Gechäfte-Bummeln statt Filialen-Shopping

 

Kaum eine Ladenkette findet sich in der Innenstadt, dafür gleich vier Bäckereien in einem Umkreis von gerade mal 500 Metern. Kein »Backshop«, kein »Mr. Baker« weit und breit. Eine Dame im weißen Kittel arrangiert frisch gebackene Kirschfläden im Schaufenster. Der örtliche Bioladen hinter einer Fassade aus glänzenden schwarzen Fliesen offeriert frische Bio-Ingwer-Wurzel, 100 Gramm für 1,50 Euro.

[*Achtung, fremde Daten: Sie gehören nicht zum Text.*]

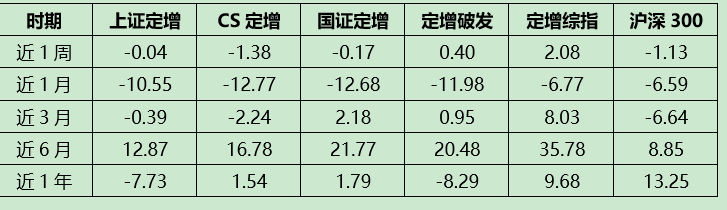 本周,定增板块主要指数除CS定增之外均跑赢沪深300指数。从更长的时间维度看,近1个月定增板块主要指数均跑输沪深300指数,、近3个月、近6月均跑赢沪深300指数,近1年则跑输沪深300。
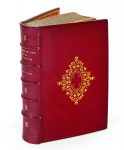 Maroquin rouge, large fleuron central losangé avec motif à entrelacs doré au centre sur les plats, dos à nerfs orné, dentelle dorée intérieure, tranches dorées sur marbrure (Trautz-Bauzonnet).

Die Auslage mit den gemalten Schildern erinnert ein wenig an Kooperativen der 80er Jahre. Um die Ecke ein noch deutscher anmutendes Reformhaus, im Schaufenster wird für ein Artischocken-Mariendistel-Extrakt und die üblichen Abnehmpräparate geworben —  »Mein Rezept für eine gute Figur«.

 

Die Straße hinunter, vor einem der drei Pralinengeschäfte, unterhalten sich zwei ältere Damen. »Arlette war auch da«, sagt die eine, während ihr Kurzhaardackel interessiert am Nylon-Einkaufsbeutel der Bekannten schnüffelt, »kennen Sie Arlette?« »Eine nette Frau«, sagt die andere und zieht die Tasche ein bisschen höher. »Sehr nett«, bestätigt die Hundehalterin, »trotzdem, dass sie korpulent ist« und verabschiedet sich Richtung Werthplatz.

 

Regionale Ruhe in Politik und Wirtschaft

 

An die Befreiung durch amerikanische Truppen im September 1944 erinnert hier das »Monument in Memory of the American First Infantry Division«. Wasser plätschert betulich eine von der Stadt und Veteranen gestiftete bronzene Säule hinab. Blickfang am America Square ist allerdings die benachbarte Friedenskirche. Sie wird gerade saniert, das Portal ist eingerüstet und der obere Teil des neogotischen Turms wird von orangefarbenen Plastikgurten zusammengehalten. Das wirkt fast wie ein Symbol für den politischen Zustand Belgiens, wo es zwar nach 540 Tagen endlich wieder eine Regierung gibt, wo aber nach wie vor wenig innerer Zusammenhalt besteht.

 

Karl Heinz Lambertz, langjähriger sozialistischer Ministerpräsident der Deutschsprachigen Gemeinschaft, bekam wohl nicht zufällig den Auftrag von König Albert, im Konflikt zwischen Flamen und Wallonen zu vermitteln. Die Regierungsgeschäfte führt er mit seinem Kabinett schräg gegenüber der Friedenskirche in einer Residenz, die von Johann Josef Couven, dem Großmeister des Aachen-Lütticher Barocks, erbaut wurde.

 

Nicht nur der Regierungschef ist hier standesgemäß untergebracht. Auch die »Euregio Maas-Rhein«, die deutsch-belgisch-niederländische Kooperation für Arbeitsmarkt, Wirtschaft und Kultur, hat hinter der historischen Blausteinfassade ihren Sitz. Nach Deutschland gibt es schon längst wieder gute Kontakte. Die Eupener gehen in Aachen ins Theater, die Aachener kommen gerne in die Eupener Supermärkte. Die Linie 14 zwischen den beiden Städten, die gerade mal 18 Kilometer von einander entfernt liegen, ist eine der ersten grenzüberschreitenden Buslinien nach dem Krieg.

 

Das neueste Beispiel für den unaufgeregten europäischen Alltag ist eine Kooperation der besonderen Art: Seit vor einigen Jahren der riesige Aachener Schlachthof den Betrieb einstellte, werden deutsche und ostbelgische Metzger-Azubis und -Meisterschüler gemeinsam im Eupener Zentrum für Aus- und Weiterbildung geschult. Gelebtes Europa funktioniert am besten im Kleinen — ganz gemütlich.